Ukraine says missiles hit Russian flagship as crew evacuates
Ukrainian forces said they hit and badly damaged the flagship of Russia’s Black Sea fleet, and Russia said its crew was forced to evacuate as a result of a fire without acknowledging an attack, as the battle shifts east and around the battered city of Mariupol.
The governor of the Odesa region, Maksym Marchenko, said the Ukrainians struck the guided-missile cruiser Moskva with two missiles and caused “serious damage”.
Russia’s defence ministry confirmed the ship was damaged but not that it was hit by Ukraine – it said ammunition on board detonated as a result of a fire of as-yet undetermined causes.
The entire crew was evacuated, it added – the cruiser typically has about 500 on board.
If confirmed, the sinking of the cruiser would be a major blow to Russia, after the tank carrier Orsk was hit and set on fire in an attack in Berdyansk in the Sea of Azov late last month.
The reported ship attack by Neptune cruise missiles came a day after US president Joe Biden called Russia’s actions in Ukraine “a genocide” and approved 800 million dollars (£600 million) in new military assistance to Kyiv, saying weapons from the West have sustained Ukraine’s fight so far and “we cannot rest now”.
The munitions include artillery systems, armoured personnel carriers and helicopters.
The presidents of Poland, Lithuania, Latvia and Estonia showed their support for Ukraine in a visit on Wednesday to war-ravaged areas and demanded accountability for what they called war crimes.

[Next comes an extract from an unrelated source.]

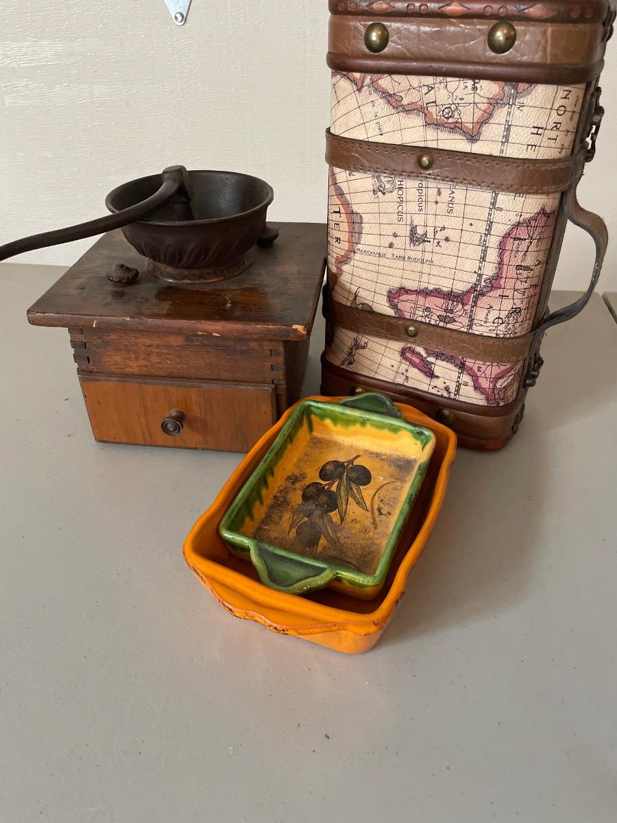 Vintage grinder, Italy pan and decor luggage

They met their counterpart, Volodymyr Zelensky, and visited Borodyanka, one of the towns near Kyiv where evidence of atrocities was found after Russian troops withdrew to focus on the country’s east.
“There are no doubts that they committed war crimes. And for that, they should be accountable,” Latvian president Egils Levits said.
The Lithuanian president, Gitanas Nauseda, added: “The fight for Europe’s future is happening here.”
He called for tougher sanctions, including against Russian oil and gas shipments and all the country’s banks.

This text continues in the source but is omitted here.